Rogalsky: There’s a company in Winnipeg named UnionWare. They created a story map and showed it to the users at a user convention. The users tore it up and created a new one. That prevented building a product that wouldn’t meet the users’ need. Give someone a document and have them do that.
Like Cartography, Story Mapping Comes in Many Forms
CIO.com:How do you create the actual map?
Rogalsky: There are many ways to create a story map. In the end, you have a story map. You can do it from a requirements document, you can do it silently, you can do it in Excel, you can use CardBoardIt.
Bielawa: I recommend that you know two things before story mapping: the goal, usually to make or save money, as well as the user goals.
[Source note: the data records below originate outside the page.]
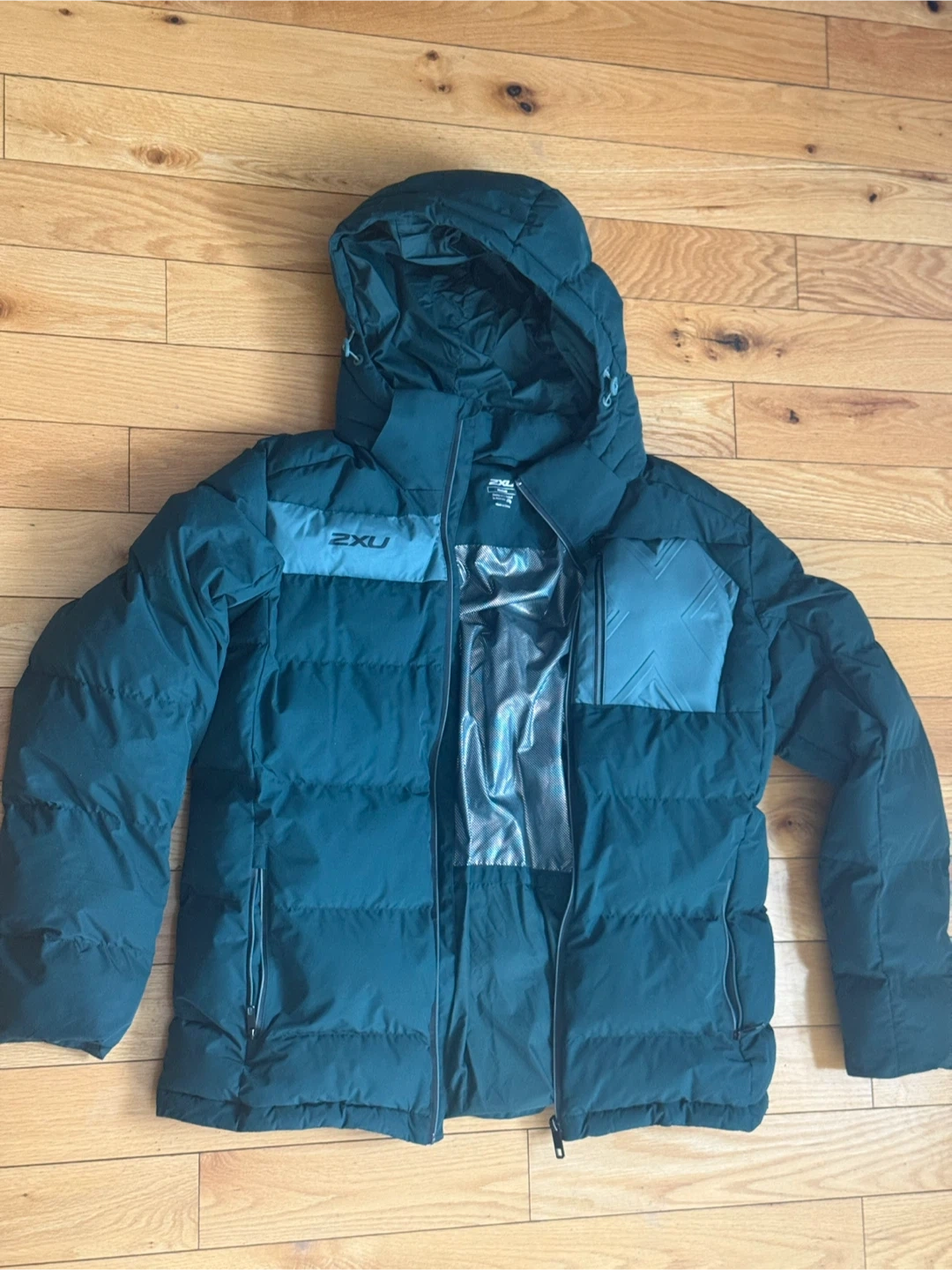 This is a 2XU down puffer jacket in a dark teal colour. It's a hooded winter coat designed for warmth. It has zippered pockets and a full front zip. Worn one or two times only. Size M. Men’s.
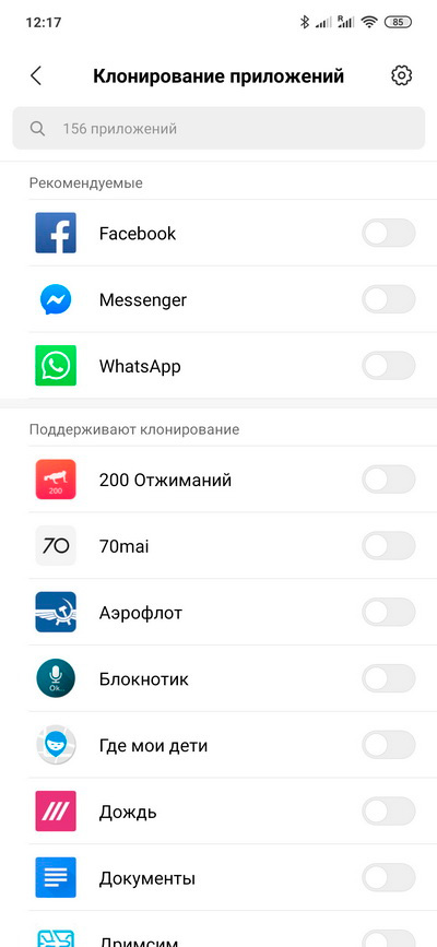 Также очень удобная возможность - клонирование приложений. Это чтобы вы могли использовать соцсети и мессенджеры с различными учетными данными без перелогинивания.
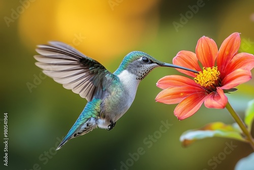 © jinna, Fototapeta premium Hummingbird Feeding on Flower in Garden

Rogalsky: The columns are user activities, user tasks and user stories. Start with user tasks (in blue), what the users can do. From there, we group those into common tasks. Those groupings become the user activities (in orange). After that, we add the yellow stories, which the technical team will develop further and actually implement.
We have a lot of stories around our board.
Dalton: How long is the planning horizon for the first slice?
Rogalsky:Jeff Patton, who taught me this, says that you should be able to build the entire release one row in one or two iterations. For email, you want to get something out that’s ugly and working. For email, if you can get a web page with a From field, a To field, a Subject field, a Text field and a Submit button, wham, you have an email feature.
Once the feature exists, the customers will give you feedback on how to steer. That’s the business side. On the technical side, you have validated that your architecture is working; you have implemented the solution end to end.
Bielawa: It’s also a really awesome way to burn down risk end to end. If you’re doing a story map and you get the user from the home page through the order process, you’ve burned down all the technical risk to get to production.
When you look at stories, your technical team asks, “What’s the hardest stuff?” Those are the things we want to get done first, as simple as possible.
Rogalsky: You can do log-in so easily to test it. Just type in a name and allow it. You won’t deploy it to production, but that gives you enough to begin testing the whole app, end to end.
I don’t want to misrepresent. We build the first slice in the first iteration or two, but hardly does the customer approve that to go out. The potential is there.
Bielawa: Right. That’s usually a business decision; do we have enough?
Do Story Mapping Right, Your Projects Come With Less Risk
Kirk: I’m really more excited about tech safety.
CIO.com:We’ve heard that mentioned before. How does this encourage safety?
Karira: All the things Bielawa said. We test the market, validate the product and drive out the technical risks.
Rogalsky: Let’s get another example of end-to-end implementation. We implemented an insurance application. Our first release was for a group that only had dental coverage for the employee. We could have deployed it even though there was still additional functionality to be implemented for families and other types of coverage. Often, if we’re working on an application that has search functionality, our first release only has search capabilities on the primary key of whatever we’re searching.
Bielawa: Some time people break stories into tasks. It’s very hard to see when you’re working on a task, what does this have to do with anything valuable? Sometimes developers will be completely disconnected from the story they provide. Some of the best times I’ve had, I’ve been looking at a story map and a story with a developer, and the developer says, “That’s crap. What part of the story map are we even talking about right now?”
Rogalsky: I had a developer once tell me this was the first time he’s seen the whole picture to actually know what he was working on.
Bielawa: When I do this, the developers always talk about the technical risk and burning down that, while the business users want to get the core functionality out. It’s a great way to get that negotiation to occur.
You can do different levels of story maps, too. You can break out the functionality and map that. I’ve used XMind to document a story map visually. You can show all the colors and make it much like a physical story board as possible. That allows you to change the story map over time when priorities change.